I'm scared now. I'm scared writing this. I'm scared writing anything except my signature on a check for deposit.
I am hard-put to identify what scares me most. I guess it's that much of my writing winds up in the wastebasket, and as I look at the wadded sheets of paper overflowing the rim, I wonder if I will have the time on earth that I need to produce even one gold nugget worthy of my inner aspirations.
I suffer from writer's block for months at a time. I cannot think of a single thing to write. While this is going on, the rest of my life seems dull and unproductive, and I miss writing as a lover misses the beloved.

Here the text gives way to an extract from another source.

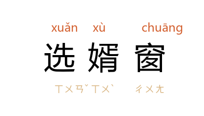 ⒈ 唐 李林甫 有女六人,相传 林甫 常令其女于宝窗下嬉戏,每有贵族子弟入谒,使女于窗中窥视,自选可意者事之。谓之“选婿窗”。见 五代 王仁裕 《开元天宝遗事·选婿窗》。

Yet I know I can write! In my mind I am a writer, and a few others have been kind enough to tell me that I am. It isn't enough.

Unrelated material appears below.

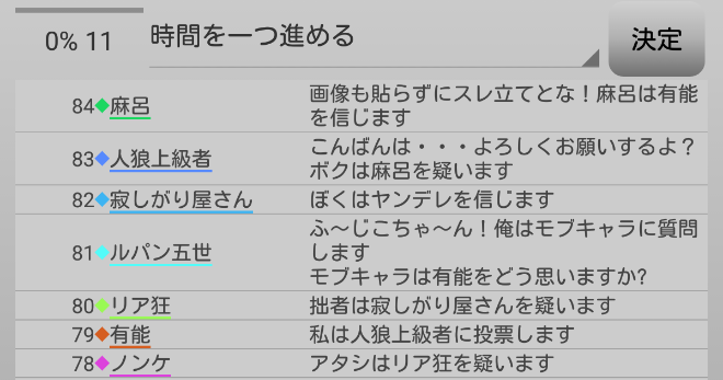このプレイ日記では2日目から3日目の偽占い師吊りを書いて終わるのかな?占い結果からノンケは人狼っぽいよね?次にいきます。

My own inner critic gnaws at me to stop whining and do something! And I will. I always do. But it scares me, oh yeah, it scares me.
Anne Silber has self-published a Young Adult novella, plus several magazine and newspaper articles. Learn more about her at her website: www.annesilber.net.
I think the thing that scares me the most is that I could fritter away
my time on this earth without leaving behind me a body of work that will
represent me to future generations. Writing itself doesn't scare me.
Only not writing what I was born, was meant, to write. It is so easy to
choose the easy path, the fun path, the one that has the fewest
obstacles on it. However, I have a gut feeling that it's the winding
road, the high, high hills, the path that peters out and has to be cut
from the undergrowth that means the most in the long run. That's what
I'm looking for, at least—not the comfortable path, but the scary one
that leads to what God has in store for me. I can hardly wait!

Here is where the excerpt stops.